Overrepresented DNA-binding PFam families in At-Dbome
| Pfam ID | Pfam Name | Normalized occurrence | Description |
|---|---|---|---|
| PF13724 | DNA_binding_2 | 42.86 | This domain, often found on ovate proteins, which is a plant Ku70 interacting protein involved in DNA double-strand break repair |
| PF08744 | NOZZLE | 25.89 | NOZZLE is a transcription factor that plays a role in patterning the proximal–distal and adaxial–abaxial axes |
| PF04689 | S1FA | 24.53 | S1FA is a DBP found in plants that specifically recognizes the negative promoter element S1F |
| PF04618 | HD-ZIP_N | 23.90 | Homeodomain leucine zipper (HDZip) genes encode putative transcription factors that are unique to plants. |
| PF02362 | B3 | 20.47 | The B3 DNA-binding domain (DBD) is a highly conserved domain found exclusively in transcription factors, from higher plants |
| PF02365 | NAM | 19.24 | NAM transcription factors are plant development proteins. |
| PF00097 | zf-C3HC4 | 19.10 | Zinc finger |
| PF06217 | GAGA_bind | 19.08 | This family includes gbp a protein from soybean that binds to GAGA element dinucleotide repeat DNA |
| PF04640 | PLATZ | 16.72 | Plant AT-rich sequence and zinc-binding proteins (PLATZ) are zinc-dependant DBPs. They bind to AT-rich sequences and functions in transcriptional repression |
| PF02701 | zf-Dof | 16.67 | Zinc finger found in several DBPs of higher plants |
| PF07716 | bZIP_2 | 16.36 | Basic leucine zipper |
| PF06200 | tify | 15.58 | The tify domain is a 36-amino acid domain only found among Embryophyta (land plants).found in a variety of plant transcription factors that contain GATA domains |
| PF02183 | HALZ | 15.30 | Plant-specific leucine zipper that is always found associated with a homeobox |
| PF13921 | Myb_DNA-bind_6 | 15.07 | MYB like DNA-binding domain |
| PF14215 | bHLH-MYC_N | 13.24 | MYB and MYC family regulate the biosynthesis of phenylpropanoids in several plant species |
| PF03859 | CG-1 | 12.18 | Sequence-specific DBP |
| PF03110 | SBP | 12.08 | Plant-specific transcription factors |
| PF13639 | zf-RING_2 | 11.91 | RING finger domain |
| PF08879 | WRC | 11.76 | WRC is named after the conserved Trp-Arg-Cys motif, it contains two distinctive features a putative nuclear localization signal and a zinc-finger motif (C3H). It is suggested that WRC functions in DNA-binding |
| PF07777 | MFMR | 11.17 | Multifunctional mosaic region |
| PF02309 | AUX_IAA | 11.06 | Plant-specific, repressors of auxin induces gene expression |
| PF02536 | mTERF | 10.53 | Leucine zipper |
DBPs’ families in At-Dbome were analysed for their occurrence in Arabidopsis genome and in PFam. Normalized ratio of occurrence of a given DNA-binding family in At-Dbome was calculated. This table shows the 22 PFam families (with their description and normalized occurrences) that were observed to be overrepresented in the plant genome.

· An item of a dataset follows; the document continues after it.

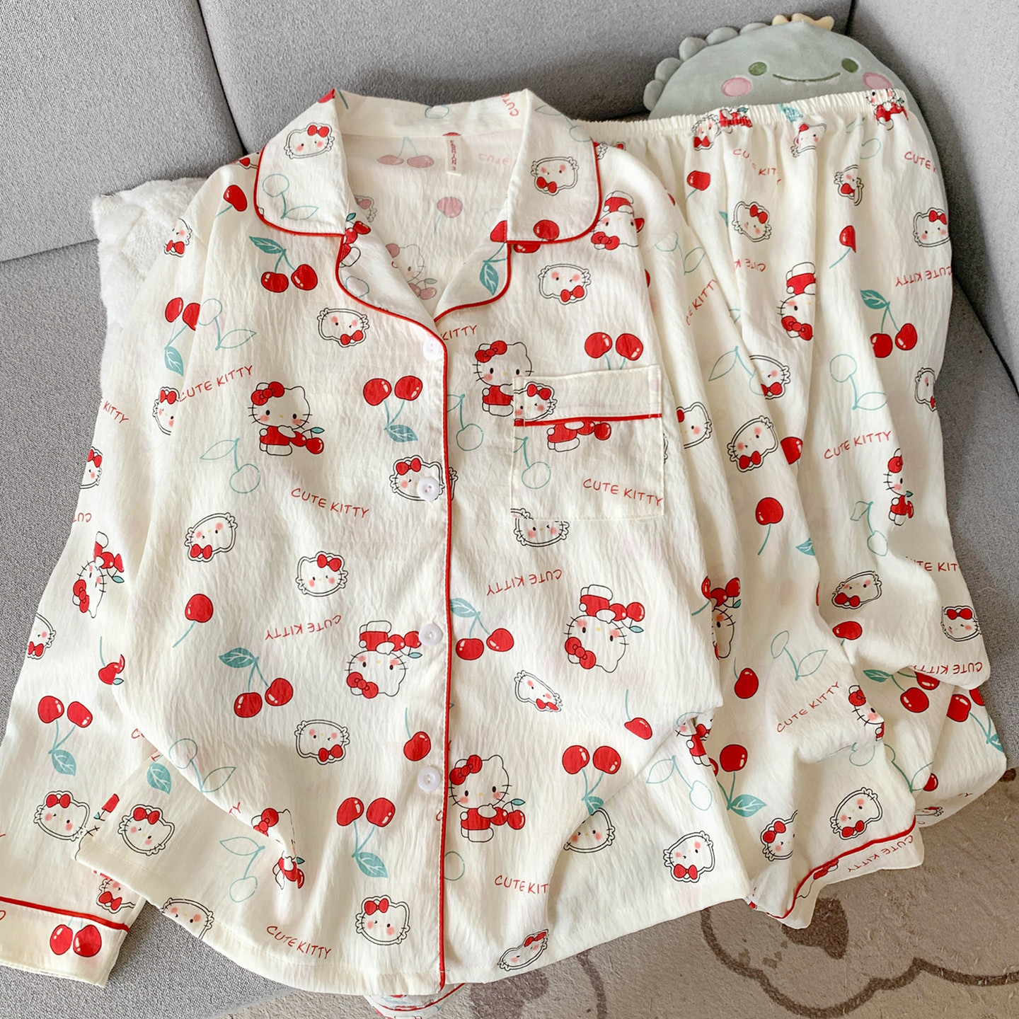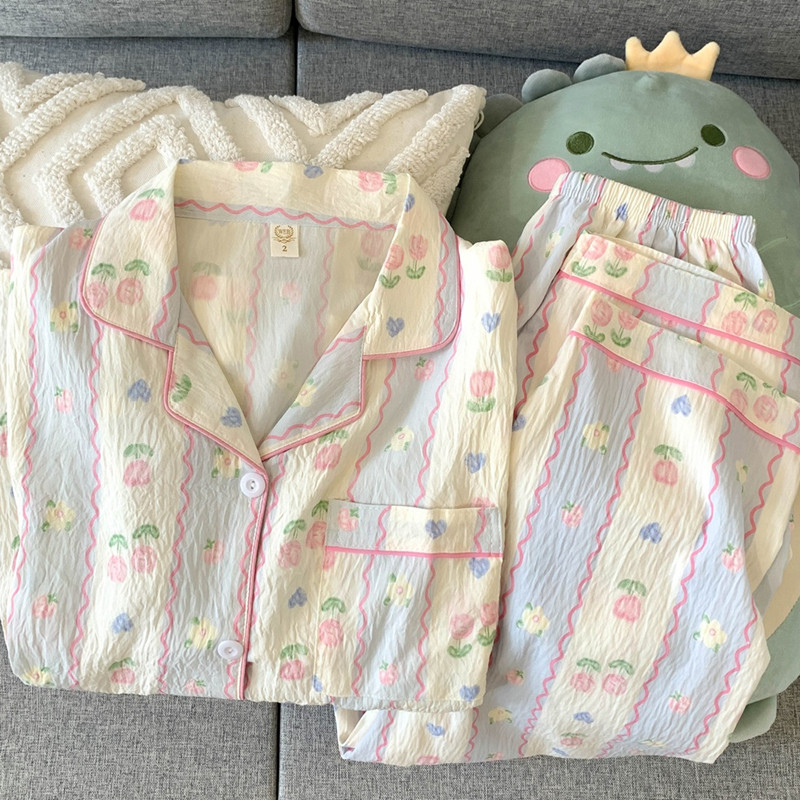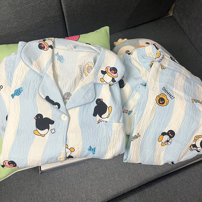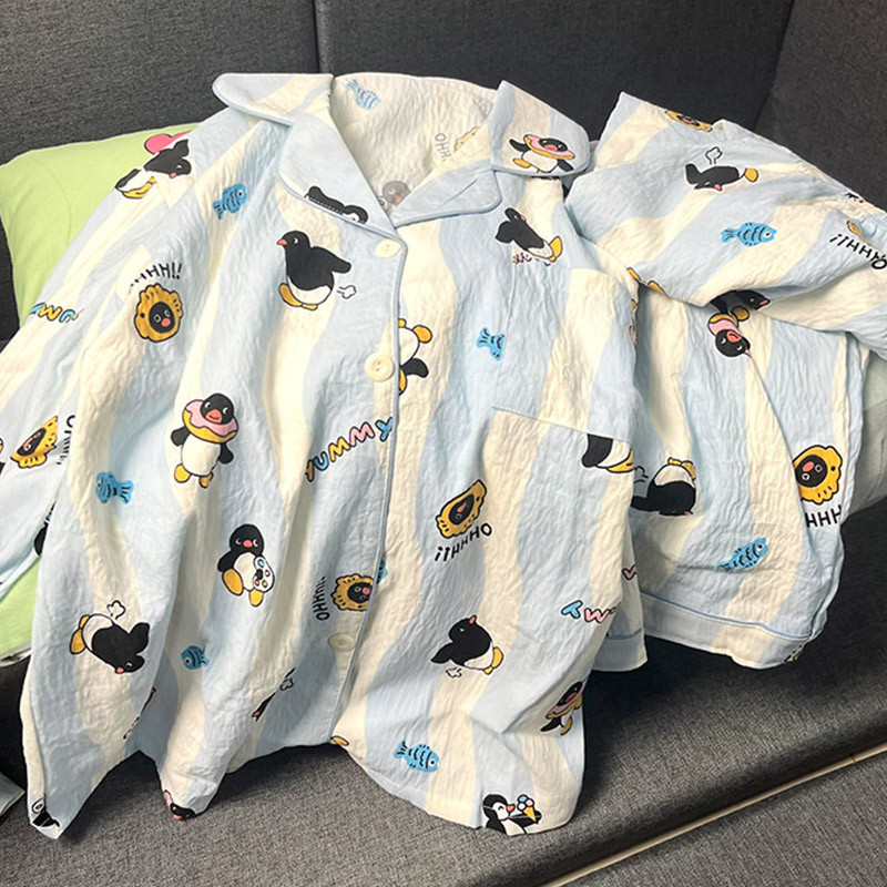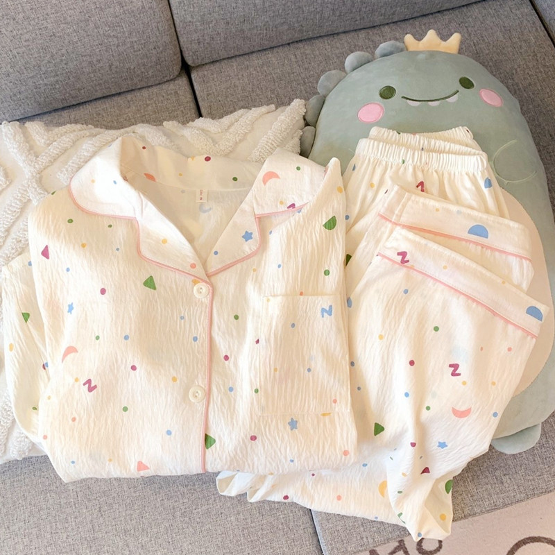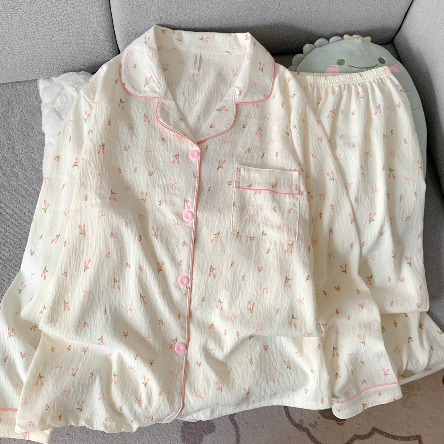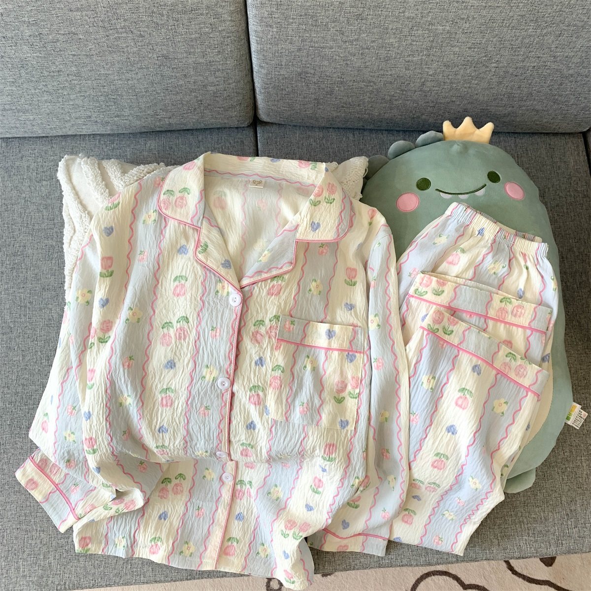 2025年新款睡衣女款春秋季純棉紗布長袖長褲日系ins小狗家居服夏

Figure 3.Distribution of DNA repair proteins: the proteins in At-Dbome were further analysed for their involvement in DNA repair processes. This is the subset of proteins having DNA repair function and their distribution in different families. The most populated family was observed to be RuvB_N.
Figure 4.Genome-wide survey in four genomes: using the similar search protocol and using sequence-based families; genome-wide survey was performed in three other genomes, namely, C. elegans, D. melanogaster and S. cerevisiae. The number of proteins identified as DBPs in A. thaliana, S. cerevisiae, C. elegans and D. melanogaster were 4471, 720, 2028 and 2620, respectively.
Figure 5.Log odds score for GO molecular functions: the proteins in At-Dbome were mapped to their PFam families. The GO mapping for these families was performed, and we studied the over and underrepresented functions in Arabidopsis genome. The functions that were observed to be overrepresented in plant genome were involved in DNA repair mechanisms.